The lateral rotator of the knee is the biceps femoris.
Vascular supply
Many vessels are involved in forming the arterial anastomosis around the knee joint.
This anastomosis is formed by the superior, middle, and inferior genicular branches of the popliteal artery; the descending genicular branch of the femoral artery; and the descending branch of the lateral circumflex femoral artery, the circumflex fibular artery, and the anterior and posterior tibial recurrent arteries. The anastomosis supplies the patella, the femoral and tibial condyles, bone marrow, articular capsule, and synovial membrane.

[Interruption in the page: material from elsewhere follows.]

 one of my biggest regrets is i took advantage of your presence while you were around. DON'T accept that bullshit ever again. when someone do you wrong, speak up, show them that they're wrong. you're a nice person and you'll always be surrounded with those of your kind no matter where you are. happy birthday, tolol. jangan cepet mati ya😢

The popliteal artery, however, is the major artery that crosses the popliteal fossa in the posterior aspect of the knee. Because of its location, this artery is susceptible to damage in knee injuries.

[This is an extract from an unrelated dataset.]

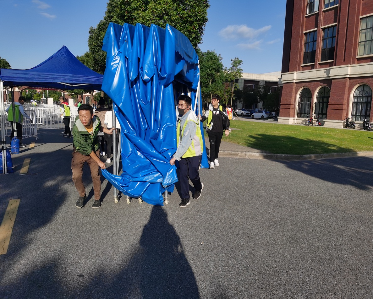 作为校园疫情防控第一道防线的“守门人”,安保服务中心所有人员克服任务重、压力大等困难,在后勤保卫处的统一部署下,除开展迎新前校园重点场所部位的安全检查外,积极配合后勤做好各项迎新保障工作,在学校各园区及校门区域共搭建各类帐篷60余顶、200余个铁马栅栏。分别设立测温组、车辆疏导组、校园巡查组,分工到岗、责任到人。同时,提前对接临港交警、高校派出所协助交通管理和校园秩序维护工作,确保了迎新期间校园周边交通顺畅、报到有序。

The venous system of the knee joint is primarily composed of the popliteal and femoral veins. These veins simply run with their corresponding arteries and drain deoxygenated blood from the arterial anastomosis. The popliteal veins contain 3-4 valves.
Bursae
Many bursae surround the knee and the arrangement is complex and variable. However, the medial group, including the anserine bursa and the semimembranosus bursa, are clinically important. The anserine bursa is located 4-5 cm distal to the anteromedial joint line and deep to the pes anserinus, the conjoint tendon formed by the sartorius, gracilis, and semitendinosus tendons (see the following image). Deep to the anserine bursa is the insertion of the MCL. This bursa can become inflamed with excessive physical activity. The semimembranosus bursa is located in the popliteal fossa and commonly causes posterior swelling of the knee joint secondary to degeneration within the knee joint.
Joint capsule
The joint capsule consists of the external fibrous layer and the internal synovial membrane. The fibrous layer is thin, except for the thickened parts that make up the intrinsic ligaments of the knee. On the posterior aspect, it encloses the condyles and the intercondylar fossa. Distally, it attaches to the margin of the superior articular surface of the tibia.
The synovial membrane lines all surfaces of the articular cavity not covered with articular cartilage. It attaches to the periphery of the articular cartilage, which covers the femoral and tibial condyles, posterior surface of the patella, and the popliteal surface of the femur.
Synovial fluid
All freely moveable joints have some synovial fluid in them. Synovial fluid originates from plasma that is filtered by the capillary net and diffuses into the knee along with hyaluronic acid, which is locally synthesized. Synovial fluid transports nutrients, assists in the joint’s defense, and lubricates the joint.
Natural Variants
In children, the appearance of bowlegged knees for the first 1-2 years of life right after the child is learning how to walk is common. “Knock knees” are commonly seen in the 2-4 – year-old age group. If these deformities persist into later childhood, the deformity may have a pathophysiologic cause.
Osgood-Schlatter is a disease that causes pain at the tibial tuberosity in young adolescents, which is exacerbated with activities and direct contact. Repetitive overload at the patellar ligament insertion can cause inflammation, irregularity, and partial avulsion of the secondary ossification center. Radiographs typically reveal irregularity and fragmentation.